= The Well (TV series) =

British television series

The Well is a British horror series that was first broadcast in October 2009 on BBC Two in the BBC Switch Saturday afternoon slot. It was written by Melvin Burgess and is the first project he has written for television and online platforms. The story comprises four ten-minute episodes and three levels of an online game where the audience can explore an online simulation of the main location, a haunted house, playing games and unlocking a back story that relates back to the main story within the television episodes.

==Plot==
The Well is the story of four teenagers; Beth (Jo Woodcock), Luis (Gregory Foreman), Coll (Karen Gillan) and Ivan (Isaac Ssebandeke) who accidentally uncover a cursed Celtic well and release an evil spirit into the world. The teenagers must discover how to restore order before one of them is killed by the evil hag that they have disturbed, who has already killed a young girl called Bethany who features in the online platform of the show.

==Characters==
Beth (Jo Woodcock): Beth is the leader of the gang. She has a soft spot for Ivan. Her brother is Luis who is very much the complete opposite of her. She suffers from nightmares which are disturbingly vivid and tries to cover up her fear by being very cocky and pretending to be really cool.

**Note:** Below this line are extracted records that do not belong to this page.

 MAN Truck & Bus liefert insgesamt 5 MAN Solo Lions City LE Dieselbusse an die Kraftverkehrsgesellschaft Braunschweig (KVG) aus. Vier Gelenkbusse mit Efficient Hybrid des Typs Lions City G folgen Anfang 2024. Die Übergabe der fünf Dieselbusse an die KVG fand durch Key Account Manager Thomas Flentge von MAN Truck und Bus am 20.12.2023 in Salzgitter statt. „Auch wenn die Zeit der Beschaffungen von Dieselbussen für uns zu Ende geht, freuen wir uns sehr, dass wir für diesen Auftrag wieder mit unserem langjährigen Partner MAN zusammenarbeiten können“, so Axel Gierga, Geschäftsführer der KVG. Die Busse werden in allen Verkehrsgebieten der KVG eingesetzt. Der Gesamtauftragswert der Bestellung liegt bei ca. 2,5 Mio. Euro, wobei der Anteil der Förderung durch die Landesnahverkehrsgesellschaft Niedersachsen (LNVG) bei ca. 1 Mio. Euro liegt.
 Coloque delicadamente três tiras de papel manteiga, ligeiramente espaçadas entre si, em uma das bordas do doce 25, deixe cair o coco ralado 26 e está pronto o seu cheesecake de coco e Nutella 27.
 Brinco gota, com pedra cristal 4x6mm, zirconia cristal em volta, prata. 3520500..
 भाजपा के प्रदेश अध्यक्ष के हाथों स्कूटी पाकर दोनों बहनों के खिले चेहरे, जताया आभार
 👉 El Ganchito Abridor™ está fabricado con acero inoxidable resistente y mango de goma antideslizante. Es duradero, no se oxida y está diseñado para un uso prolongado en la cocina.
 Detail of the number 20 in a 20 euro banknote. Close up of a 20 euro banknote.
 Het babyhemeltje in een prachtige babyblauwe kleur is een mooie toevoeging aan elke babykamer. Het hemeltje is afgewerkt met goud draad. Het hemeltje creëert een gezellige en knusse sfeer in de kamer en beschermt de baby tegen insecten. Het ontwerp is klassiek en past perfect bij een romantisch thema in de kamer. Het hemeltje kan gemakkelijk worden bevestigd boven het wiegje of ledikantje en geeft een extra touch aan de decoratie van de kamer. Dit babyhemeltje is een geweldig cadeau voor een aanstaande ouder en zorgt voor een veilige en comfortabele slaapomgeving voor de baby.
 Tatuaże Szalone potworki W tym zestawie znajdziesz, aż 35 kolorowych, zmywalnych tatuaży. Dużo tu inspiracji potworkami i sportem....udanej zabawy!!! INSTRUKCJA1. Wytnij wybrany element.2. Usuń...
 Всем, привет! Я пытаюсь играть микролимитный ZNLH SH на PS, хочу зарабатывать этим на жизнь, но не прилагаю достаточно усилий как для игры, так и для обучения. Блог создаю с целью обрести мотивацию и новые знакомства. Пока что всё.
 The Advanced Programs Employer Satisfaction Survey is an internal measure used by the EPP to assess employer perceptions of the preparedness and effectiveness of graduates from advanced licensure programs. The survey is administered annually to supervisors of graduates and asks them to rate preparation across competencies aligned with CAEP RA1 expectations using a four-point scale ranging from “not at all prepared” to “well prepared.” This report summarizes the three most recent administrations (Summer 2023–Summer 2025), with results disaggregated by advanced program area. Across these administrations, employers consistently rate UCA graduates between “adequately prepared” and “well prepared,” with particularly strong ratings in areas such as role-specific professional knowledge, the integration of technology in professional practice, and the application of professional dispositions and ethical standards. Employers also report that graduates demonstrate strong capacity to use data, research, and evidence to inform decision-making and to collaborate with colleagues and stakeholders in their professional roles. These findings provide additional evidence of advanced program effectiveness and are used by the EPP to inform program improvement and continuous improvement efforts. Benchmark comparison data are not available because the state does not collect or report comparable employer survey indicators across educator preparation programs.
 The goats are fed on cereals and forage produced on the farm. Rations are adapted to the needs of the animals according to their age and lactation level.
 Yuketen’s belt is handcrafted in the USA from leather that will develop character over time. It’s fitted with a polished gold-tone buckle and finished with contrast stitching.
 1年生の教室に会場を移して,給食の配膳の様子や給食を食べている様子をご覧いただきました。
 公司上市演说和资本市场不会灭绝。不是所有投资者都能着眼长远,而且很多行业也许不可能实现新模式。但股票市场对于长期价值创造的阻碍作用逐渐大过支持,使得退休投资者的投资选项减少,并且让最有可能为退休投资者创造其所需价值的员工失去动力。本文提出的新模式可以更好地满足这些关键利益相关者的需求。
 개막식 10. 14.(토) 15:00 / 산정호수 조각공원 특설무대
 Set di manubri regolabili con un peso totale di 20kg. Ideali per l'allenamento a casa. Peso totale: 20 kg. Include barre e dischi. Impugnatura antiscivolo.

Coll (Karen Gillan): Coll is the most sensible of all of the gang and is extremely intelligent. However, despite her pretty looks, every time she performs well in her exams boys seem to hate her even more especially Luis, much to her disappointment. She is the one most eager to solve the mystery of the well and doesn't give up.

==Online==
The Well uses an approach of telling a story across different platforms, namely television and online. Although the story can be understood as a four-part television drama, in-between episodes the audience can go online and gain access to the back story.

The online story is set in the 1800s and crosses over into the present day story that unfolds concurrently on television. By exploring a three dimensional replica of the house and completing a series of games, the audience are rewarded with a new piece of the back story which is told to them by ghosts. Each section of story that is unlocked builds to reveal a tale of a young girl called Bethany who also disturbed the well and was eventually killed by the hag.

==Special features==
When the phone number from the show is dialed from a mobile phone, the phone will receive specialized text messages related to the series.

==Producers==
The Well was created by Liverpool-based digital media company Conker Media for BBC Switch. The 3D house was created by Milky Tea and the online games by Splinter Design Communications.